# How I silence a bowstring.



## Apex Predator (Jan 27, 2007)

Now for the contact area on recurves. This is my favorite part. Seperate with your antler tine, and wrap with slight tension. You don't want it served on too tight or it will be less effective.










When you get to the loop just run it through and start wrapping back to where you started in the opposite direction. At the end I run it through from the opposite side and trim to about 1/4" on each side.
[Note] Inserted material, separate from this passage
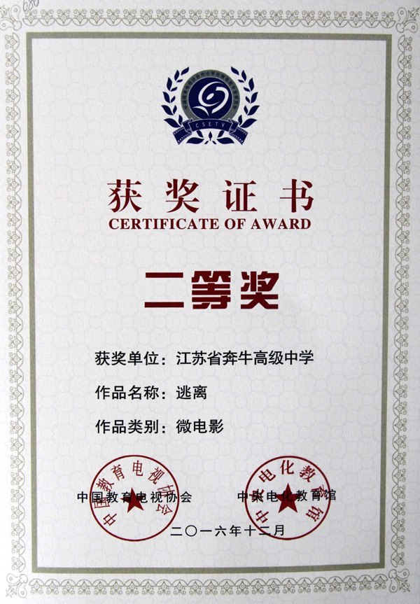 2016年12月5日,由中国教育电视协会、中央电化教育馆主办,中国教育电视协会中小学校园电视专业委员会承办的全国中小学校园互联网+应用研讨会暨全国中小学校园影视教育成果展示活动在江苏徐州落下帷幕。省奔中作品《逃离》荣获了第十三届全国中小学校园微电影二等奖。

After stringing your bow just pluck the string a few times and it will take shape. These work awesome!


----------



## rraming (Aug 5, 2006)

I tried it and it works, I did not wrap the loop area (didn't like that idea). I have tried other things from fly shop stuff (including rabbit fur -did not work to thin I think). I kind of laughed when lougong's mommy made him some - so I tried it and it is the quitest my bow has been - I don't like the looks and I'm not sure how it would hold up in the rain hunting - but for daily shooting it's as cheap as it gets - whole bunch for 7 bucks - looks like the woolie silencers. Like I said not as pretty as the beaver but it's cheap. I think that first set of silencers cost me 10 cents


----------



## rattus58 (Jul 9, 2007)

Woven nylon cord just tied to the string works excellently also to silence the bow vibrations and noise.

Aloha.... :beer:


----------



## OkTrad (Jun 27, 2007)

> I'm not sure how it would hold up in the rain hunting


Thats why I don't use puff balls on my hunting bows. They will get soaked and you will have to thump your string every so often when it is raining. You better pray you don't have a critter come in when your string is soaked.


----------



## rraming (Aug 5, 2006)

That's what I thought - I guess save the beaver for hunting and shoot this stuff for practice


Thanks for the info


----------



## tpoof (Dec 18, 2005)

On some of my bows I use wool yarn like that, it works very well for noise. I agree with the rain and that you need to keep snapping the string to clear water,you'll shoot low if'n you don't snap, but its not that big of a deal.. i do like the way they hold spray scent and I like to spray mine down with an attractent when I go out.
My personal choice tho is mink tail, it has a tighter shorter hair to it then beaver and sheds water better as well... sometimes you can find them in old hatbands in fleamarkets or as roadkill or trapping,,,, thats how I got mine 
But,, real good buildalong Apex Predator!
I like your fancy jigs!


----------



## dkard (Sep 25, 2004)

*Endless*

What if you are using an endless string? Will it stay in place? Do you have to do something else?

dave


----------



## C++ (Nov 30, 2002)

*Question?*

Why not just use serving that weighs less?



Apex Predator said:


> Now for the contact area on recurves. This is my favorite part. Seperate with your antler tine, and wrap with slight tension. You don't want it served on too tight or it will be less effective.
> 
> 
> 
> ...


----------



## C++ (Nov 30, 2002)

*Question?*

Aren't Cat Whiskers lighter and just as effective?


----------



## Apex Predator (Jan 27, 2007)

Just thought I would share a little of what works really well for me. Take it for what you will, or not at all. You folks can be a tough crowd!


----------



## Wolf among dogs (Jan 5, 2007)

I use brained tanned deer-hide strips..connect em then wrap em around then connect the other end ...cheap,silent, waterproof and easy to replace and very primitive !


----------



## Onestringer (Aug 2, 2006)

Thanks for sharing. I wondered how people got those puffs of yarn.

Scott


----------



## SteveB (Dec 18, 2003)

Apex - thanks for sharing.

Tough would not be the word I would use - but the others are not allowed.
Steve


----------